Mary you don't get it do you? Rossi is not selling to the public.
Rossi's customers are engineering firms that I will assure you will not
part with 1 dollar unless the E-Cat plant meets their min agreed conditions.
Spin this any way you try but your time here claiming scam / fraud is
over. Rossi's payment conditions and his selected customer base has seen
to that.
AG
On 11/12/2011 12:25 PM, Mary Yugo wrote:
On Fri, Nov 11, 2011 at 5:06 PM, Aussie Guy E-Cat
<aussieguy.e...@gmail.com <mailto:aussieguy.e...@gmail.com>> wrote:
Nice to see the web site is registered to Rossi but what the heck
does the validity of the E-Cat have to do with the software that
was used to create the web site or who the web site was created by
or who it is administered by?
I agree, very little. But it's unlikely that a prosperous and
sophisticated company would do it that way, that's all.
I suggest the sales and payment conditions has just totally taken
the wind out of the sails of all the scam / fraud group.

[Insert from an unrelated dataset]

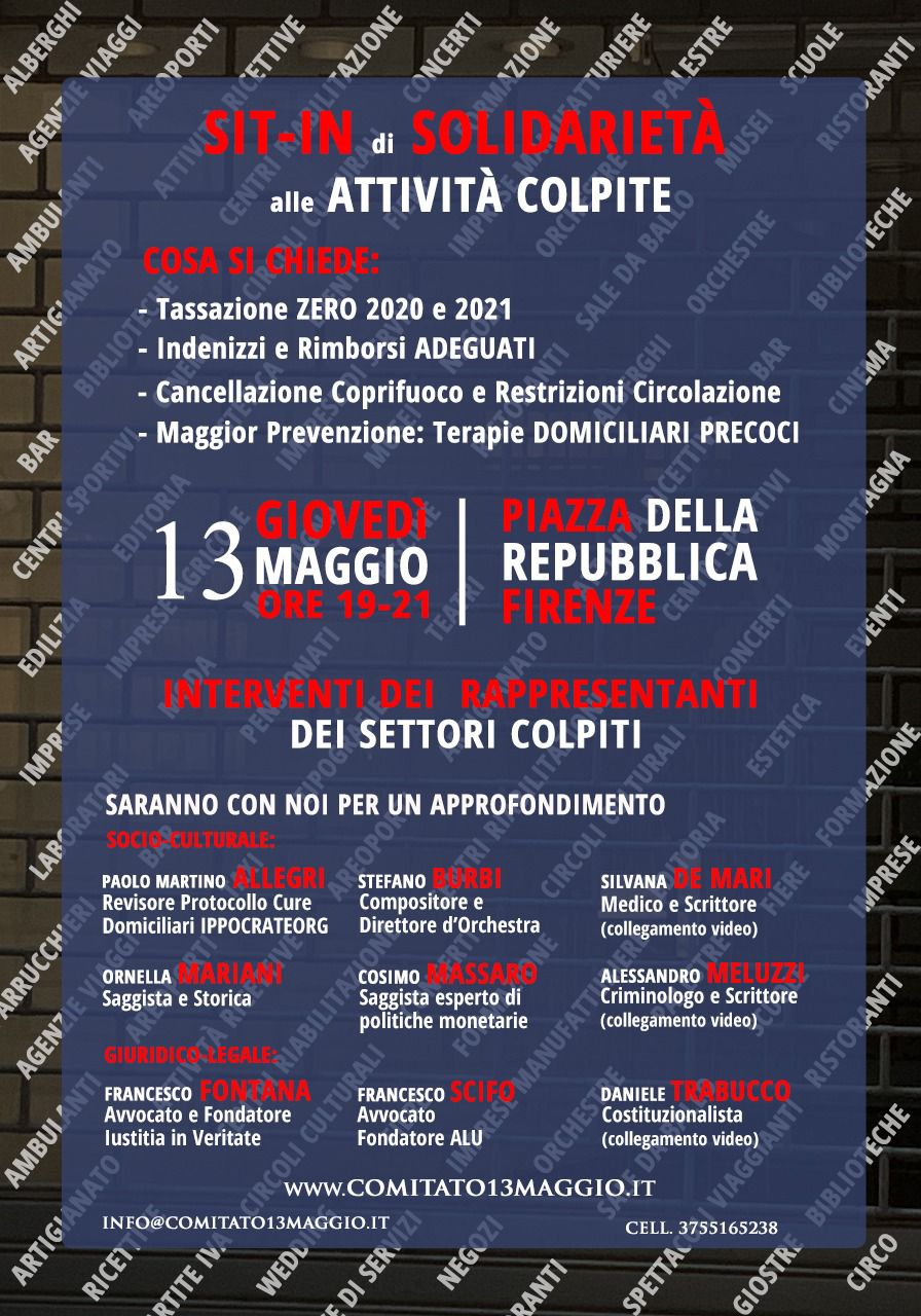 Il monitoraggio di venerdì 14 dovrebbe dare maggiori dettagli sulla revisione del divieto di circolazione notturna. Probabile lo spostamento alle 23:00, grazie alle pressioni del centrodestra sul Governo. Intanto si annuncia una manifestazione organizzata dal comitato 13 Maggio in Piazza Repubblica a Firenze.
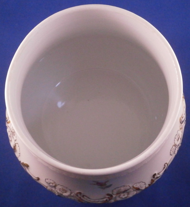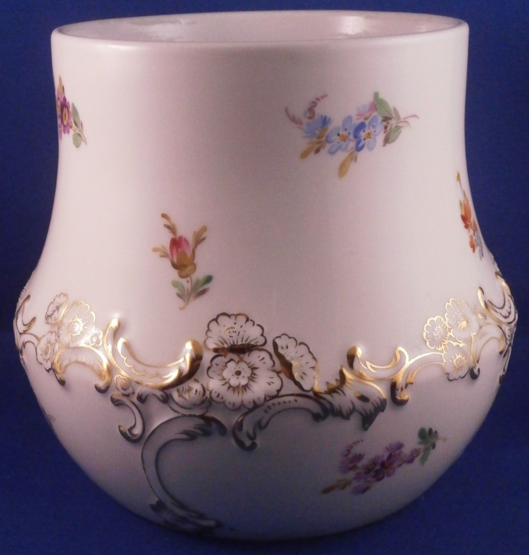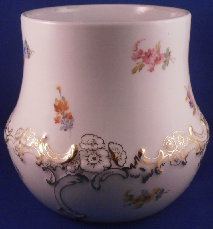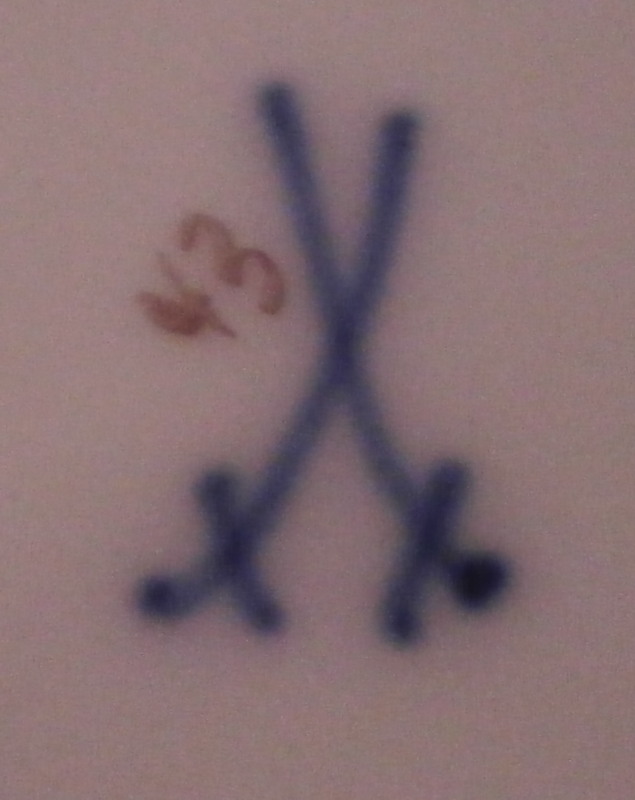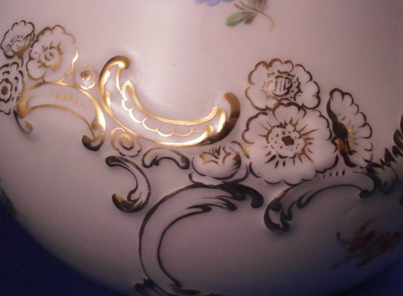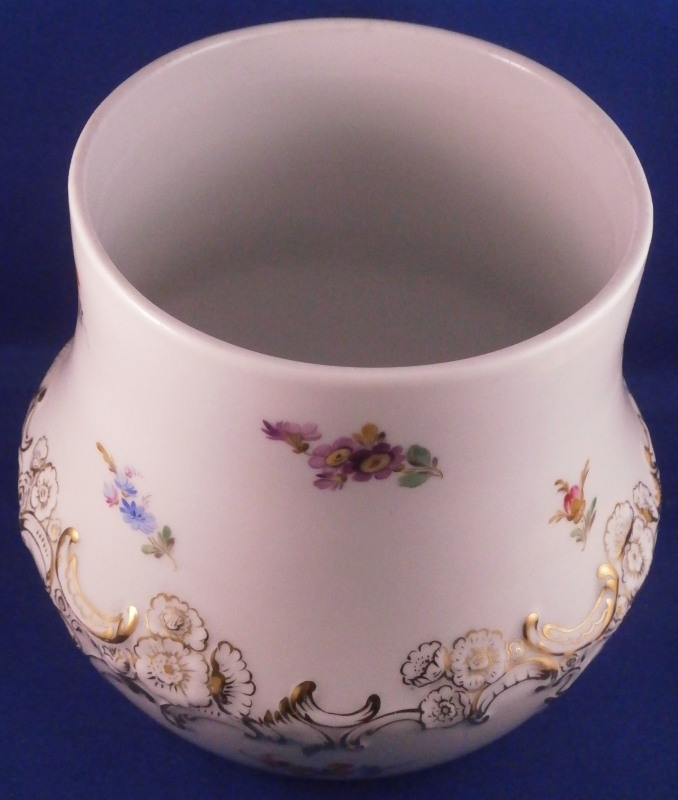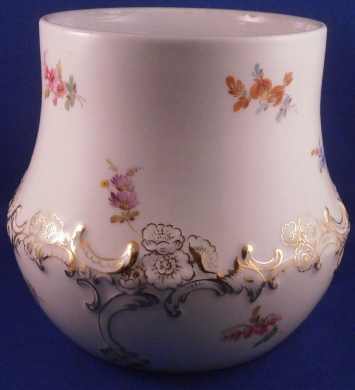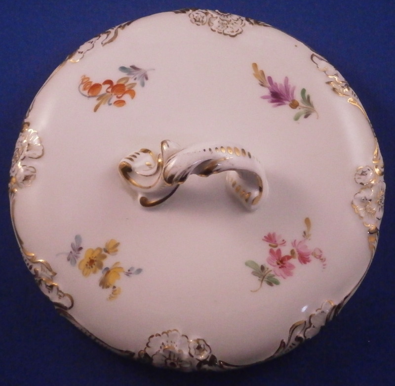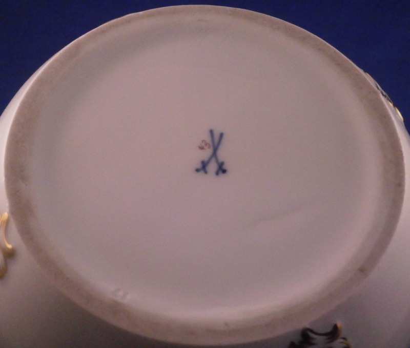 This is a hard to find cookie jar / biscuit barrel / lidded container made by Meissen in the late 19th century. It is from the B-Form service and hand painted with scattered single flowers with a really nice gold trim on a raised design. The gold flowers are especially nice. The handle on the lid has a nice shape to it and some gilding as well. These are not easy to find especially in good condition! The size is perfect to use for any number of purposes. The lidded jar is in perfect codition with a scratch or two and some light wear to the top edge where the lid sits which is normal. it displays perfectly. It is about 7 inches tall including the finial and has a diameter of about 6.25 inches tall. The main body is marked underneath with the under glaze blue crossed swords mark (first choice), a painter's mark 43 and an impressed number as shown. Please email me for more information or other pictures.

Oh, Gee! Not at all. A common form of scam is to take money
somewhere near the start from secret investors who sign an NDA so they
can't talk or write on public forums. The NDA is usually extremely
broad in scope and if someone hints at breaking it, all sorts of
threats of law suits begin.
Meanwhile, the perpetrators buy an ad or two or do a web page or other
introduction, have news releases and press conferences, and announce a
new company that promises all sorts of wonders. They usually have
some sort of photo op and maybe a carefully contrived demonstration
that believers can sop up but which really proves nothing. The next
step is to announce that a lot of the proceeds will go to charity.
Blogs sprout up praising the device and fantasizing what will happen
in the future when it is widely adopted. Skeptics are scorned and
insulted and eventually banned from enthusiast sites. Then, the
scammer says they won't be taking investment money now. Maybe in the
future they'll go public but they're doing this "on their own". The
secret investors aren't mentioned and they can't say a peep due to
their NDA. They also don't want to jeopardize success and future
profits. Some are simply too embarrassed to speak.
Customers are announced but somehow they're never produced. Test are
declined if they're too definitive. Hey, they'd reveal too many trade
secrets. Patents? "Sometimes it's no, sometimes it's yes, it just
couldn't matter less" (from Gigi, 1958, IMDB).
Along the way, more secret investors may be picked up. The investment
amount can get really large -- Steorn so far has been $21 million
Euros. The money is spent or squirreled away. It can go on for years
with no product, no proper testing and no customers who can verify
that the product is real.
That's the quick version. Is that what Rossi is? In my mind, he fits
the script but he's more daring about demos than most --but who
knows? The more time goes by between the customer announcement and
some credible souls vouching for a bona fide sale and of course a
proper test -- the longer it takes, the more likely it's a scam. Nine
months and counting now.
You think people are too sophisticated to give money to scammers? You
must read different news articles than I do.